== THE TASK ==
Among the entries below, only the lines from the one with "Главу штаба Навального" through the one with "Російські телеграм-канали поширюють" are wanted, reproduced exactly. Pictures are not wanted.

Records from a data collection
###

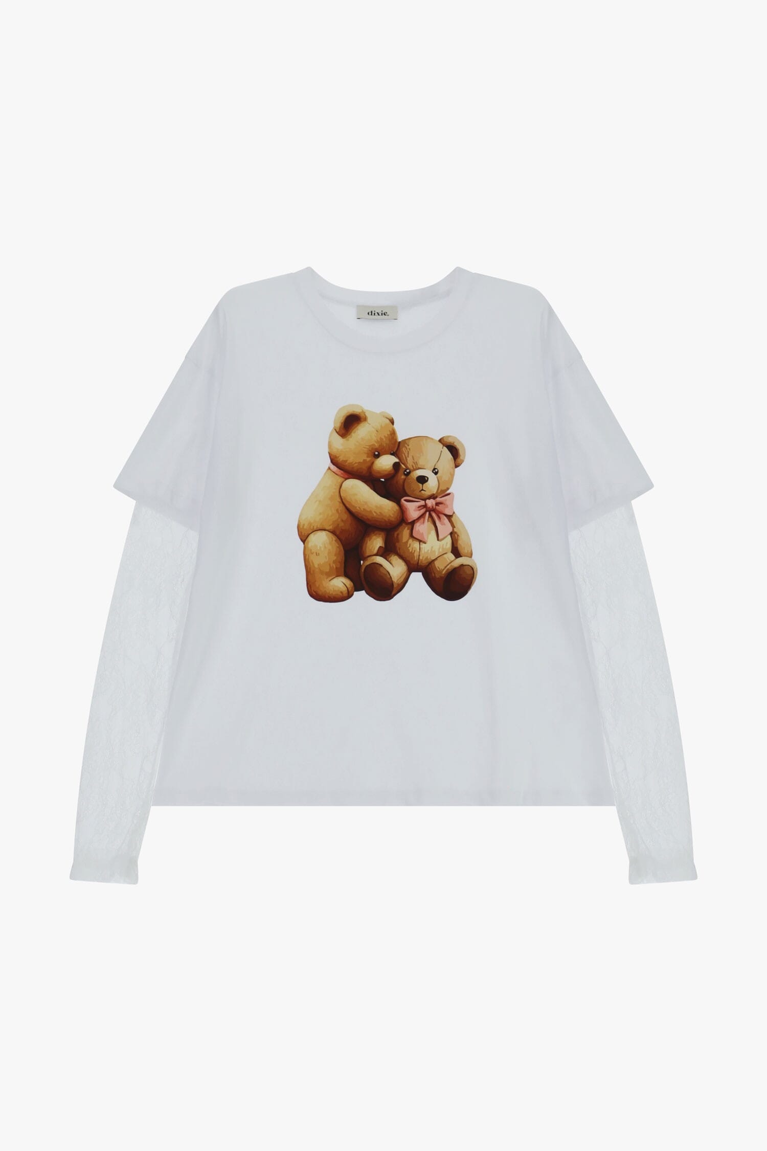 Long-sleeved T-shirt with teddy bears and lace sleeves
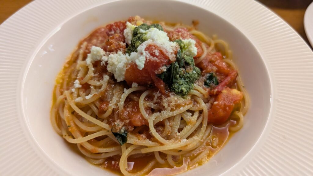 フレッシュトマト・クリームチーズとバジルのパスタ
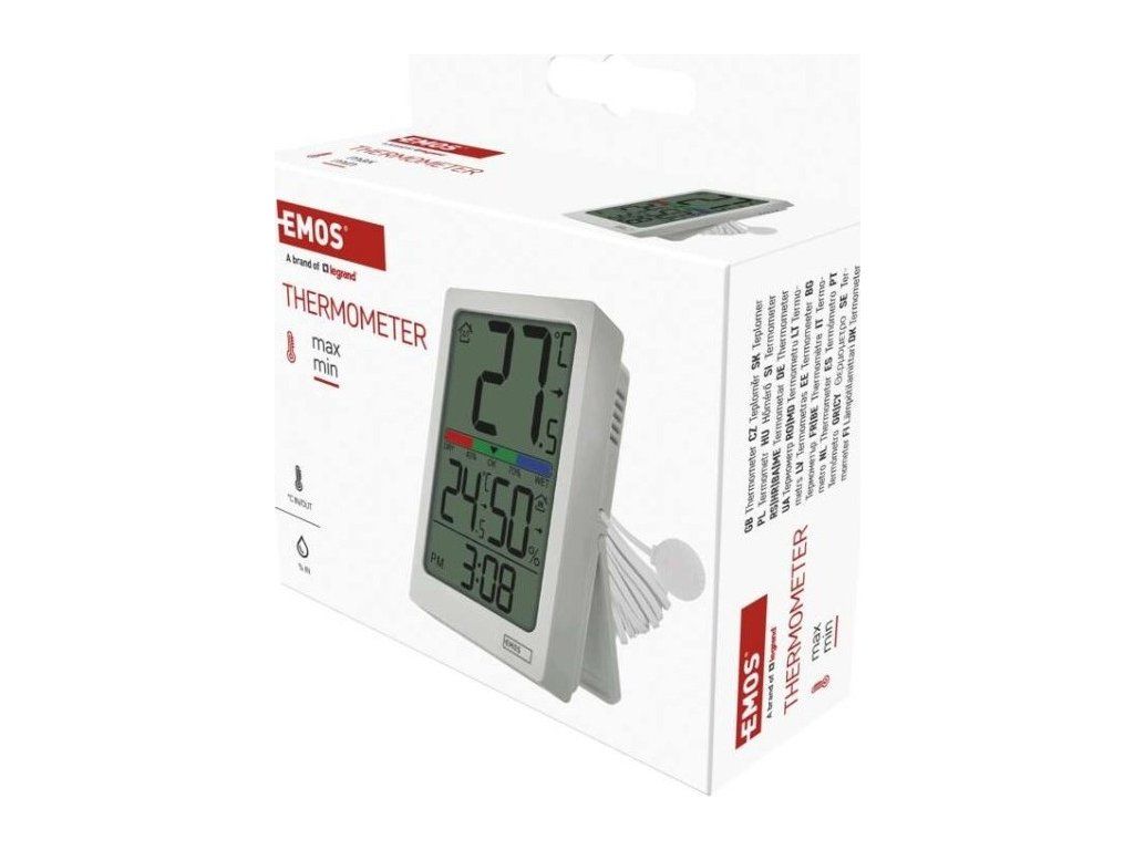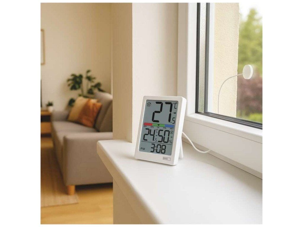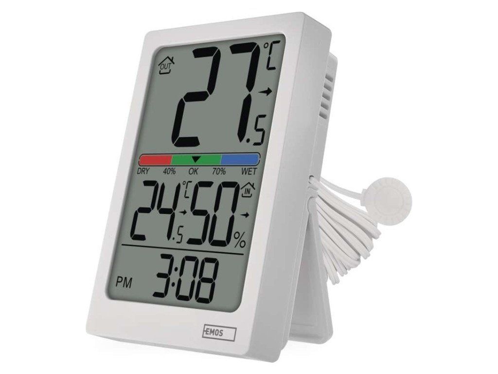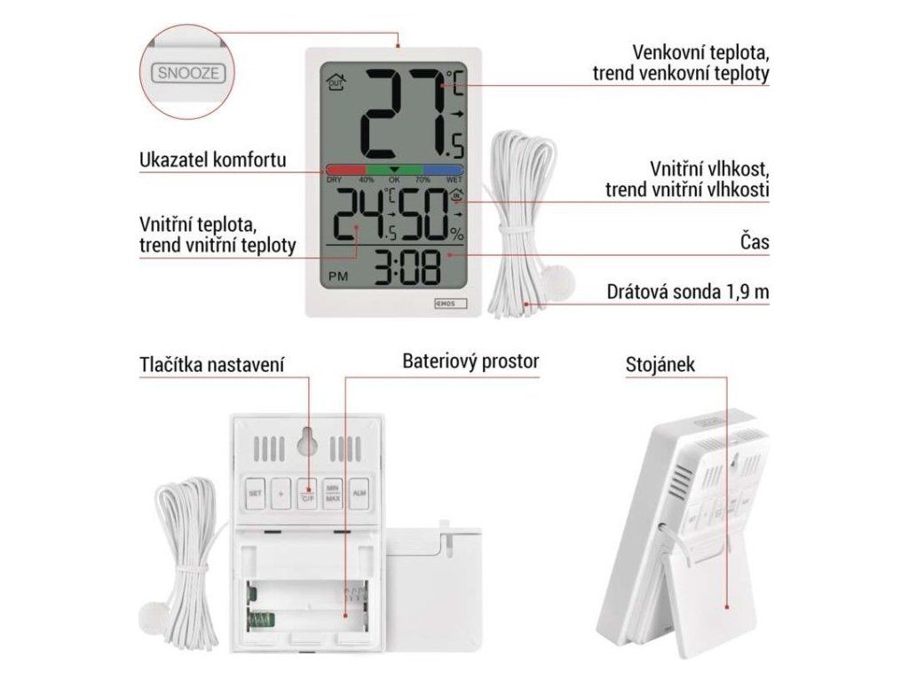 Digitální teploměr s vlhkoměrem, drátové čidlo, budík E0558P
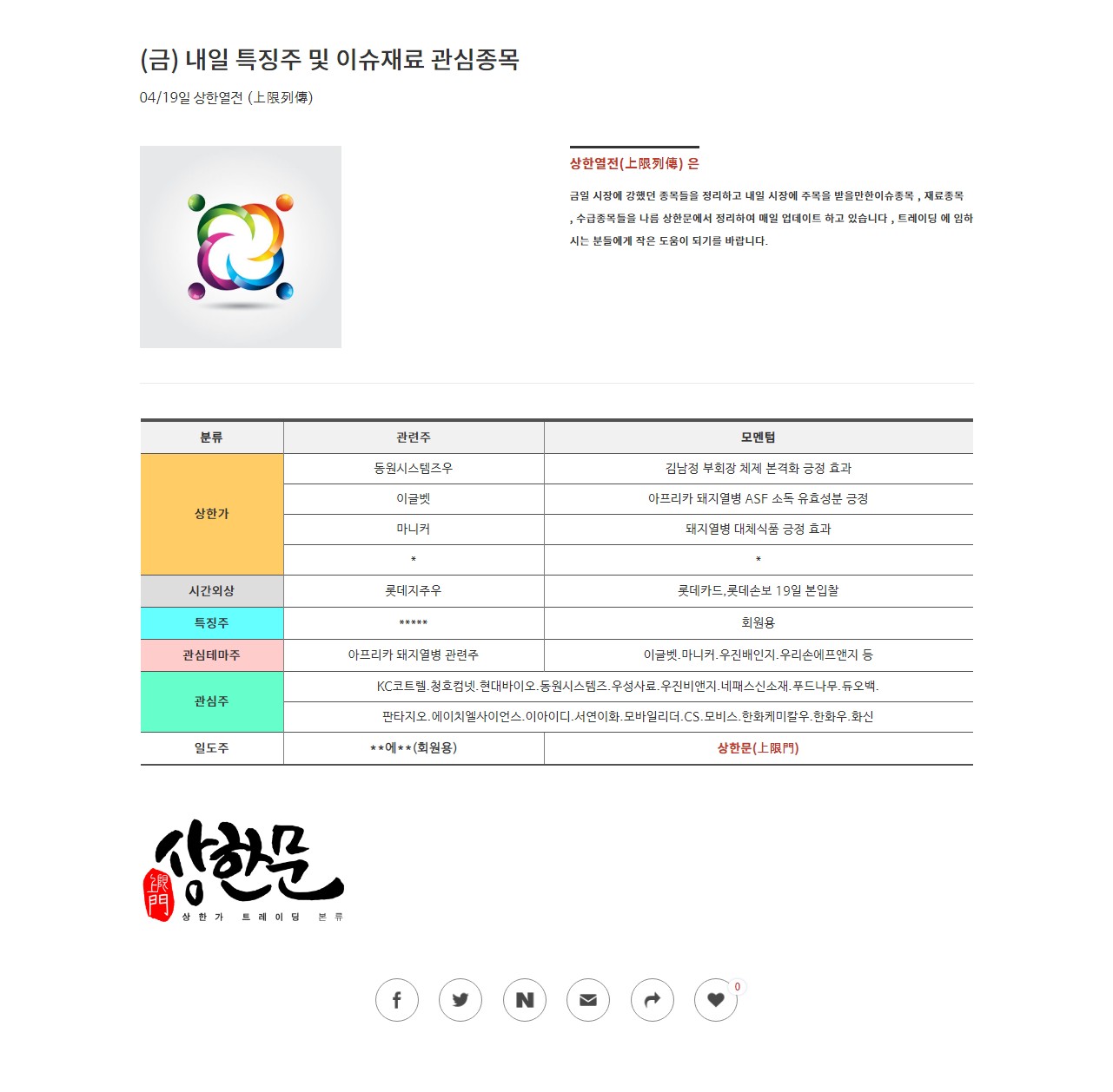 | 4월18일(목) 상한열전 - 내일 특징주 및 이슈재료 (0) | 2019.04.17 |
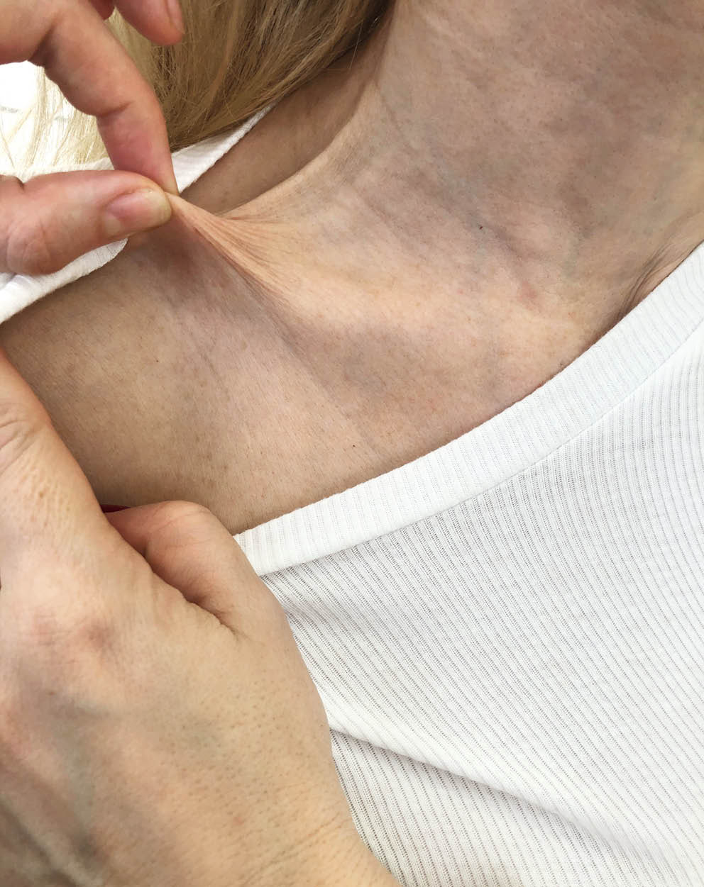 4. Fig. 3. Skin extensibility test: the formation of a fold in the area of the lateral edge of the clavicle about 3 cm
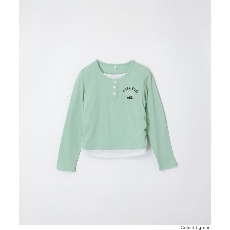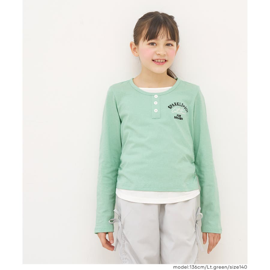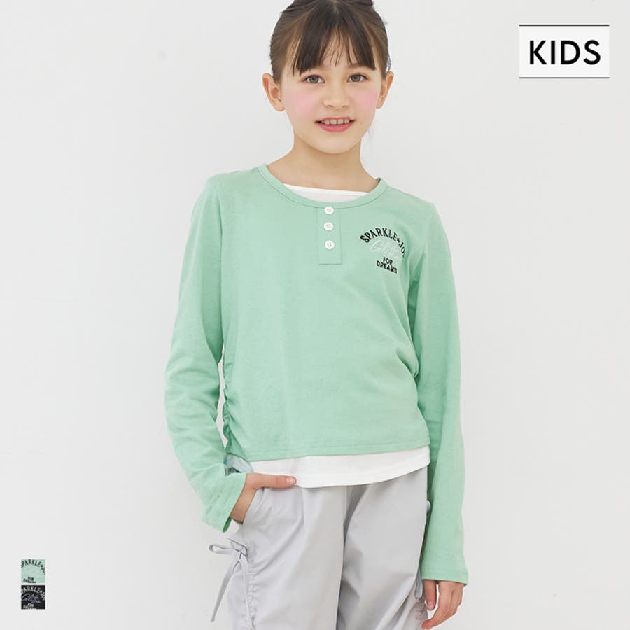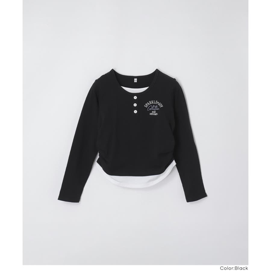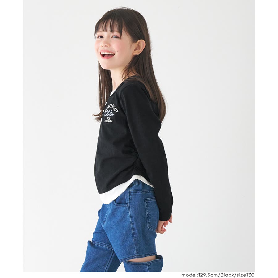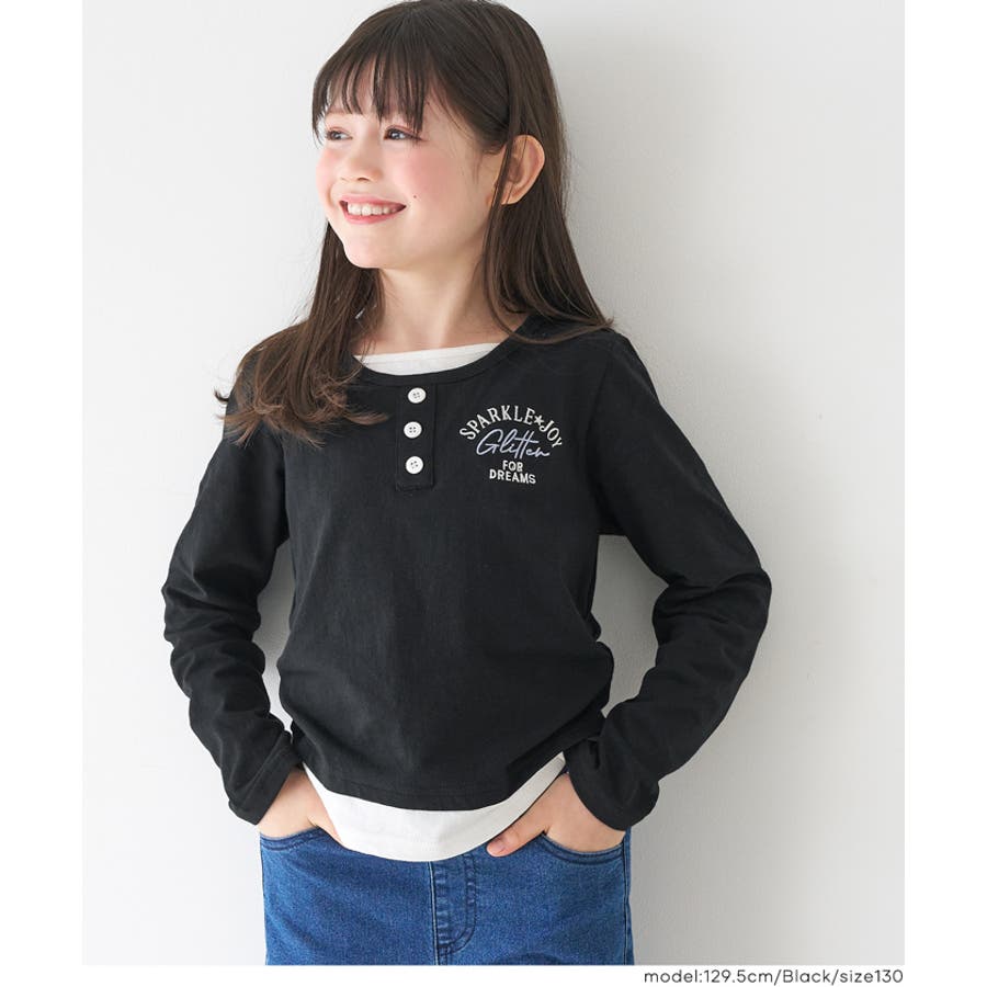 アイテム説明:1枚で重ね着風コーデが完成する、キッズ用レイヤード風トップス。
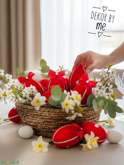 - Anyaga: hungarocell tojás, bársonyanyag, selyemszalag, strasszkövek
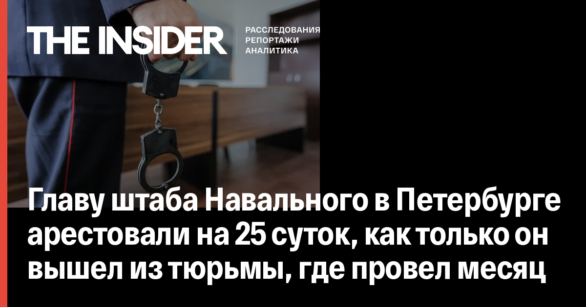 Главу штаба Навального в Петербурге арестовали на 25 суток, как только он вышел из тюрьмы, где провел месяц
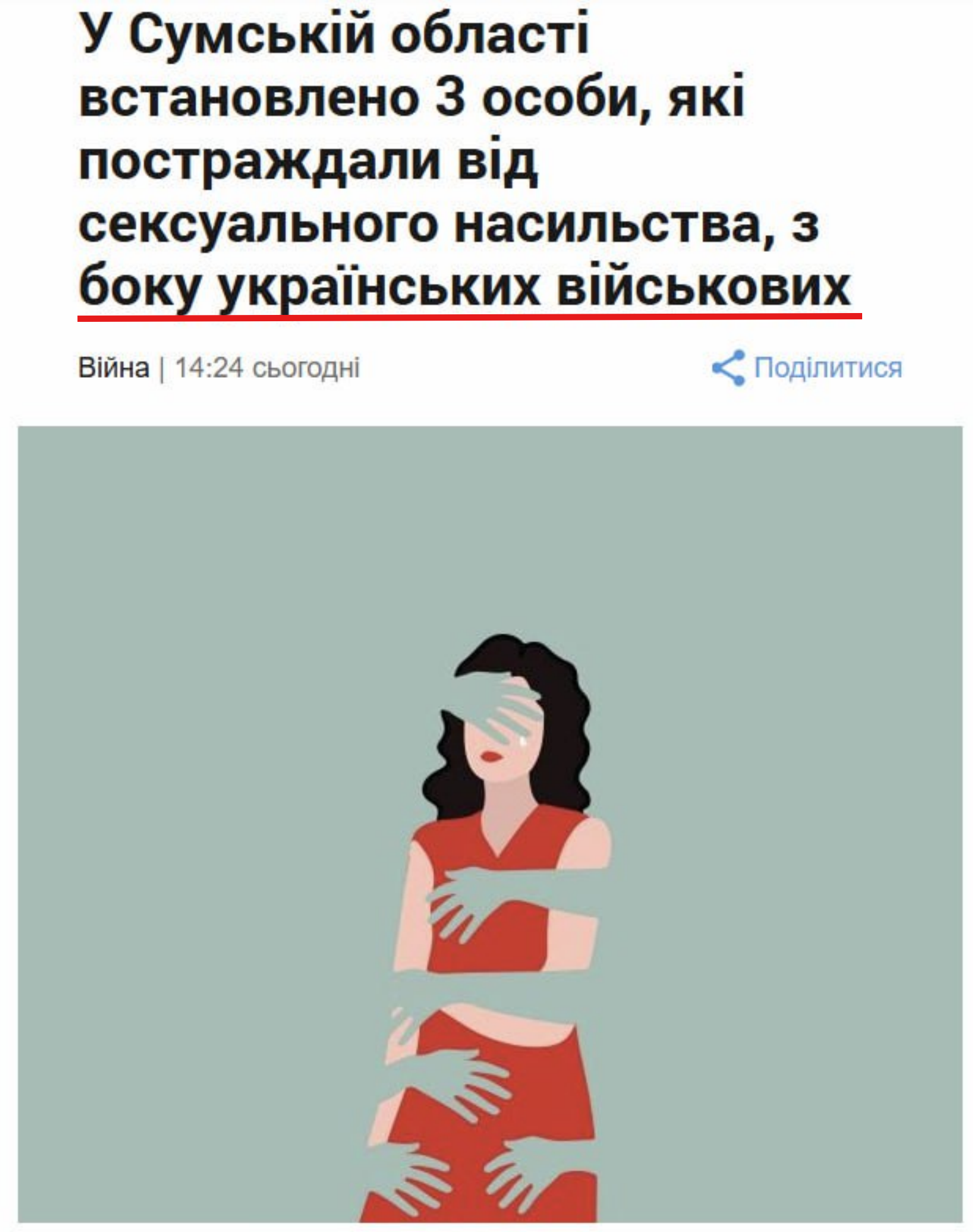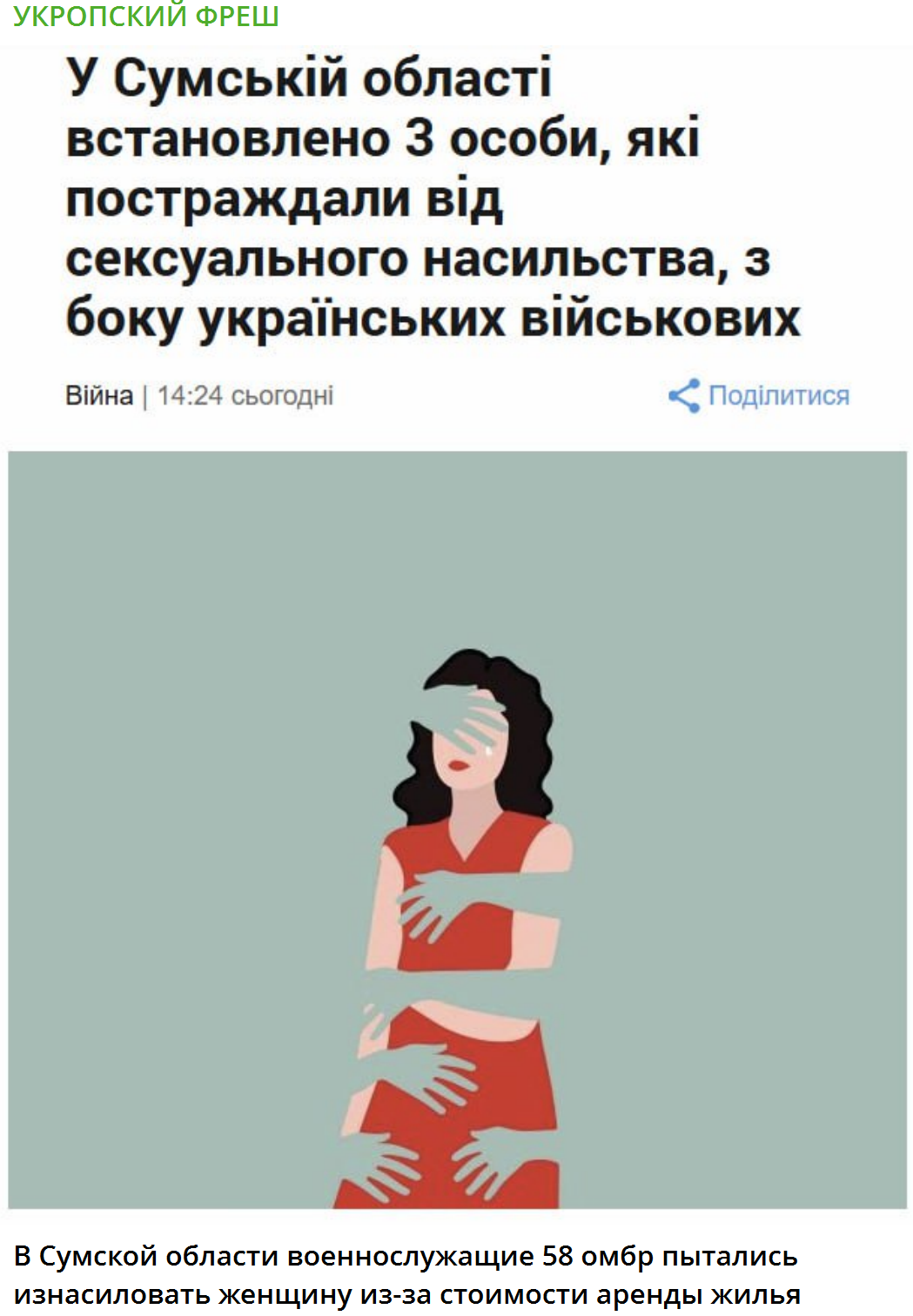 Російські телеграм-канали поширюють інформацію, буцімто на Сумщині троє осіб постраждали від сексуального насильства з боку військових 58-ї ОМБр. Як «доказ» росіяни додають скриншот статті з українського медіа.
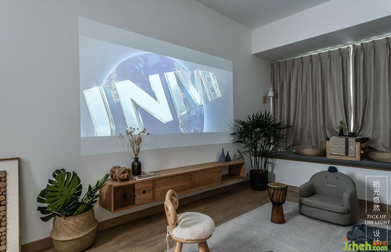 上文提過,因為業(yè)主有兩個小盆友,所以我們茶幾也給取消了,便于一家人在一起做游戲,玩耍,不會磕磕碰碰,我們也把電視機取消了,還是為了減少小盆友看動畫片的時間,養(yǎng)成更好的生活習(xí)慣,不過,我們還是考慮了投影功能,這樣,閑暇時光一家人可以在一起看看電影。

###

== OUTPUT FOR THIS EXERCISE ==
 Главу штаба Навального в Петербурге арестовали на 25 суток, как только он вышел из тюрьмы, где провел месяц
 Російські телеграм-канали поширюють інформацію, буцімто на Сумщині троє осіб постраждали від сексуального насильства з боку військових 58-ї ОМБр. Як «доказ» росіяни додають скриншот статті з українського медіа.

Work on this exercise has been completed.